В этот момент в дверь постучали.

Марк вскочил на ноги, повернулся спиной к огню — высокий, сухощавый, длинноногий, неширокий в плечах, но, чувствовалось, жилистый, по-мужски крепкий… Одет он был в черный свитер с воротником, закрывающим шею, и немного выцветшие, тоже черные, брюки. Дверь распахнулась — четыре фигуры появились в коридоре, все в мокрых плащах, с откинутыми капюшонами. Элизабет обтерла руками мокрое лицо, пригладила волосы и отошла в сторону; за ней, плечом к плечу, не скрывая тревоги, настороженно стояли Клу и Хаген — оба в светлых рабочих комбинезонах; за ними в высоких сапогах, полусогнувшись, ковылял невысокий, ростом с двенадцатилетнего мальчугана, король Эйкен.
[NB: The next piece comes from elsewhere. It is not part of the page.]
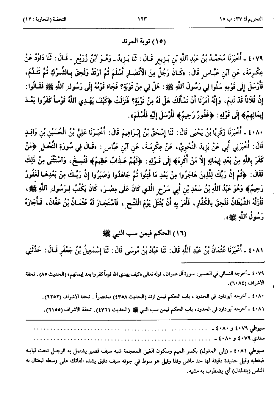 الْحُكْمُ فِيمَنْ سَبَّ النَّبِيَّ صَلَّى اللَّهُ عَلَيْهِ وَسَلَّمَ 4081 - أَخْبَرَنَا عُثْمَانُ بْنُ عَبْدِ اللَّهِ قَالَ حَدَّثَنَا عَبَّادُ بْنُ مُوسَى قَالَ حَدَّثَنَا إِسْمَعِيلُ بْنُ جَعْفَرٍ قَالَ حَدَّثَنِي إِسْرَائِيلُ عَنْ عُثْمَانَ الشَّحَّامِ قَالَ كُنْتُ أَقُودُ رَجُلًا أَعْمَى فَانْتَهَيْتُ إِلَى عِكْرِمَةَ فَأَنْشَأَ يُحَدِّثُنَا قَالَ حَدَّثَنِي ابْنُ عَبَّاسٍ أَنَّ أَعْمَى كَانَ عَلَى عَهْدِ رَسُولِ اللَّهِ صَلَّى اللَّهُ عَلَيْهِ وَسَلَّمَ وَكَانَتْ لَهُ أُمُّ وَلَدٍ وَكَانَ لَهُ مِنْهَا ابْنَانِ وَكَانَتْ تُكْثِرُ الْوَقِيعَةَ بِرَسُولِ اللَّهِ صَلَّى اللَّهُ عَلَيْهِ وَسَلَّمَ وَتَسُبُّهُ فَيَزْجُرُهَا فَلَا تَنْزَجِرُ وَيَنْهَاهَا فَلَا تَنْتَهِي فَلَمَّا كَانَ ذَاتَ لَيْلَةٍ ذَكَرْتُ النَّبِيَّ صَلَّى اللَّهُ عَلَيْهِ وَسَلَّمَ فَوَقَعَتْ فِيهِ فَلَمْ أَصْبِرْ أَنْ قُمْتُ إِلَى الْمِغْوَلِ فَوَضَعْتُهُ فِي بَطْنِهَا فَاتَّكَأْتُ عَلَيْهِ فَقَتَلْتُهَا فَأَصْبَحَتْ قَتِيلًا فَذُكِرَ ذَلِكَ لِلنَّبِيِّ صَلَّى اللَّهُ عَلَيْهِ وَسَلَّمَ فَجَمَعَ النَّاسَ وَقَالَ أَنْشُدُ اللَّهَ رَجُلًا لِي عَلَيْهِ حَقٌّ فَعَلَ مَا فَعَلَ إِلَّا قَامَ فَأَقْبَلَ الْأَعْمَى يَتَدَلْدَلُ فَقَالَ يَا رَسُولَ اللَّهِ أَنَا صَاحِبُهَا كَانَتْ أُمَّ وَلَدِي وَكَانَتْ بِي لَطِيفَةً رَفِيقَةً وَلِي مِنْهَا ابْنَانِ مِثْلُ اللُّؤْلُؤَتَيْنِ وَلَكِنَّهَا كَانَتْ تُكْثِرُ الْوَقِيعَةَ فِيكَ وَتَشْتُمُكَ فَأَنْهَاهَا فَلَا تَنْتَهِي وَأَزْجُرُهَا فَلَا تَنْزَجِرُ فَلَمَّا كَانَتْ الْبَارِحَةُ ذَكَرْتُكَ فَوَقَعَتْ فِيكَ فَقُمْتُ إِلَى الْمِغْوَلِ فَوَضَعْتُهُ فِي بَطْنِهَا فَاتَّكَأْتُ عَلَيْهَا حَتَّى قَتَلْتُهَا فَقَالَ رَسُولُ اللَّهِ صَلَّى اللَّهُ عَلَيْهِ وَسَلَّمَ أَلَا اشْهَدُوا أَنَّ دَمَهَا هَدَرٌ

Клу вскрикнула: «Папа!» — и через порог бросилась к распахнувшему объятия отцу. Их сознания ласково коснулись друг друга, дочь поцеловала Марка в щеку. Тот прижал ее ярко-рыжую голову к своей груди. Клу всхлипнула… Затем она еще раз взглянула на отца — с нескрываемым обожанием и радостью, потом отошла в сторону и принялась ждать Хагена.

Молодой человек стоял метрах в четырех от отца, бок о бок с Эйкеном Драмом. Он словно не заметил бурных чувств, проявленных отцом и сестрой, — сознание свое заблокировал напрочь, даже щелки не оставил. Так и стоял — руки в перчатках уперты в бока…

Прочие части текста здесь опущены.